Question

ABC is a triangle in vertical plane. Its two base angles $\angle BAC$ and $\angle BCA$ are $45^{\circ}$ and \[ta{{n}^{-1}}(1/3)\] respectively. A particle is projected from point A such that it passes through vertices $B$ and $C$. Find angle of projection in degrees:

(A) $60^{\circ}$
(B) $53^{\circ}$
(C) $\tan ^{-1}(5 / 4)$
(D) $\tan ^{-1}(5 / 3)$

Answer 1

Hint: We should know that velocity is defined as the rate change of displacement per unit time. Speed in a specific direction is also known as velocity. Velocity is equal to displacement divided by time. Speed, being a scalar quantity, is the rate at which an object covers distance. The average speed is the distance which is a scalar quantity per time ratio. On the other hand, velocity is a vector quantity; it is direction-aware. An object which moves in the negative direction has a negative velocity. If the object is slowing down then its acceleration vector is directed in the opposite direction as its motion in this case. Based on this we have to solve this question.
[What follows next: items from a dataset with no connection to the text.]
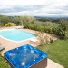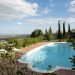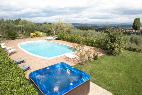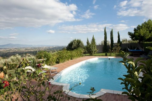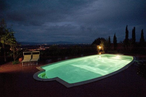 La espléndida piscina situada en un balcón natural disfruta de unas vistas espectaculares al monte San Savino, la Valdichiana y los Apeninos.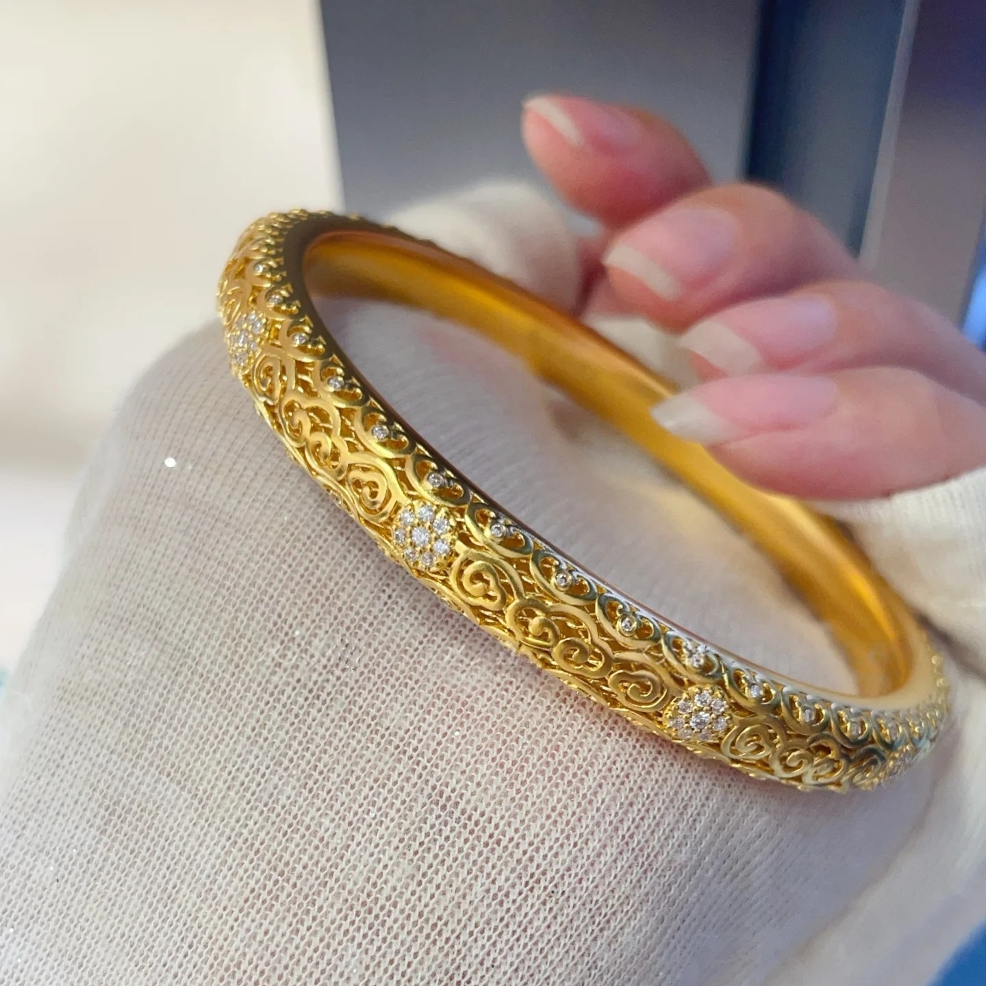 TSL谢瑞麟代购 祥云花丝镂空足金999点钻黄金手镯 新款专柜正品
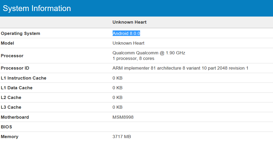 มีการเปิดเผยข้อมูลการทดสอบสมาร์ทโฟนรุ่นลึกลับจาก Nokia ในชื่อรุ่นโมเดล Unknown Heart บนฐานข้อมูลของ Geekbench โดยมาพร้อมชิปเซ็ต Snapdragon 835 และแรม 4GB ซึ่งรันระบบปฏิบัติการ Android 8.0.0 หรือ Android O ที่ออกอัปเดทในเวอร์ชั่นสำหรับนักพัฒนาในตอนนี้นั่นเอง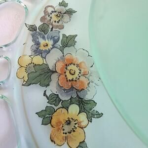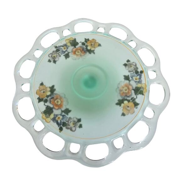 VINTAGE Lancaster Glass Plate Green Satin Glass Open Lace Reverse Painted Floral Footed Cottagecore romantic collectible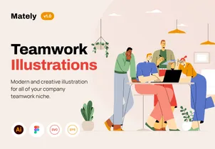 Mately is a pack of custom illustrations suitable for any Teamwork niche. Perfect for UI/UX design, presentation, advertising, and many more.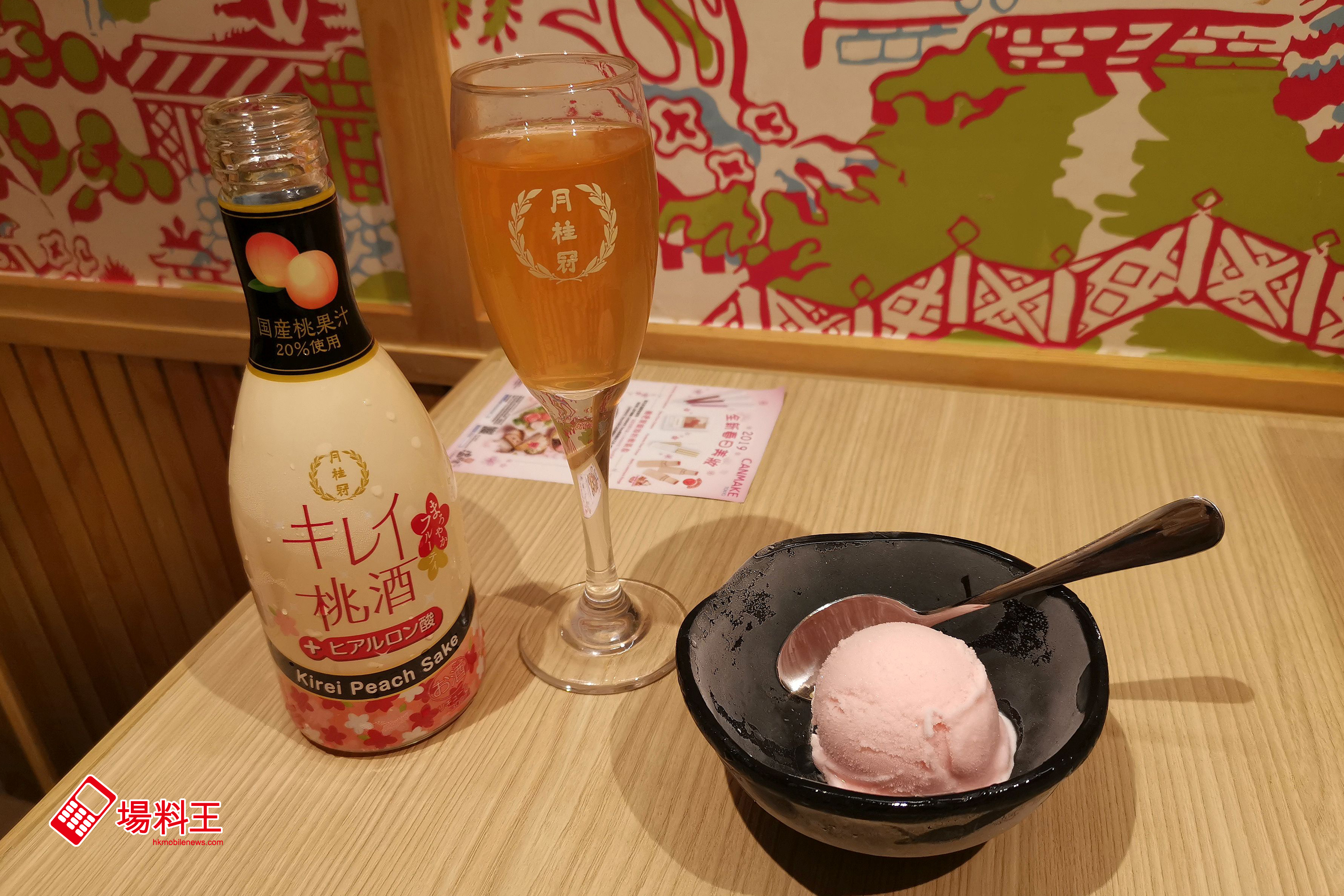 一般的定食多有包含飲品、甜品,但想不到的是「櫻花鍋」定食提供的飲品是整支 300ml 的月桂冠的美人桃酒 (單點價:$78),由 20% 日本水蜜桃果汁添加透明質酸,有助潤澤肌膚;而飯後甜品則是日本進口的櫻花味雪糕 (單點價:$22)。

Complete step by step answer
We should know that a projectile is an object upon which the only force is gravity. Gravity acts to influence the vertical motion of the projectile, thus causing a vertical acceleration. The horizontal motion of the projectile is the result of the tendency of any object in motion to remain in motion at constant velocity. Projectile motion is the motion of an object thrown or projected into the air, subject to only the acceleration of gravity. The object is called a projectile, and its path is called its trajectory. A projectile is any object that has been thrown, shot, or launched, and ballistics is the study of projectile motion. Examples of projectiles range from a golf ball in flight, to a curve ball thrown by a baseball pitcher to a rocket fired into space.
The diagram for this question is given as:

Equation $y=x \tan \theta\left(1-\dfrac{x}{R}\right)$
at $B x=y$ $\tan \theta=\dfrac{R}{R-Y} \ldots.. (\mathrm{i})$
$\tan 45^{\circ}=\dfrac{Y}{X}$
$x=y \ldots.. (\mathrm{ii})$
$\left(\dfrac{1}{3}\right)=\dfrac{Y}{R-x} \ldots. (iii)$
Solving equation 2 and 3 $R=4y=4x$ it on $(i)$
$\tan \theta=\dfrac{R}{R-\dfrac{R}{4}}$
$\tan \theta=\dfrac{4}{3}$
$\theta=53^{\circ}$

So, option B is correct.

Note: We should know that if an object's speed or velocity is increasing at a constant rate then we say it has uniform acceleration. The rate of acceleration is constant. If a car speeds up then slows down then speeds up it doesn't have uniform acceleration. The instantaneous acceleration, or simply acceleration, is defined as the limit of the average acceleration when the interval of time considered approaches 0. It is also defined in a similar manner as the derivative of velocity with respect to time. If an object begins acceleration from rest or a standstill, its initial time is 0. If we get a negative value for acceleration, it means the object is slowing down. The acceleration of an object is its change in velocity over an increment of time. This can mean a change in the object's speed or direction. Average acceleration is the change of velocity over a period of time. Constant or uniform acceleration is when the velocity changes the same amount in every equal time period.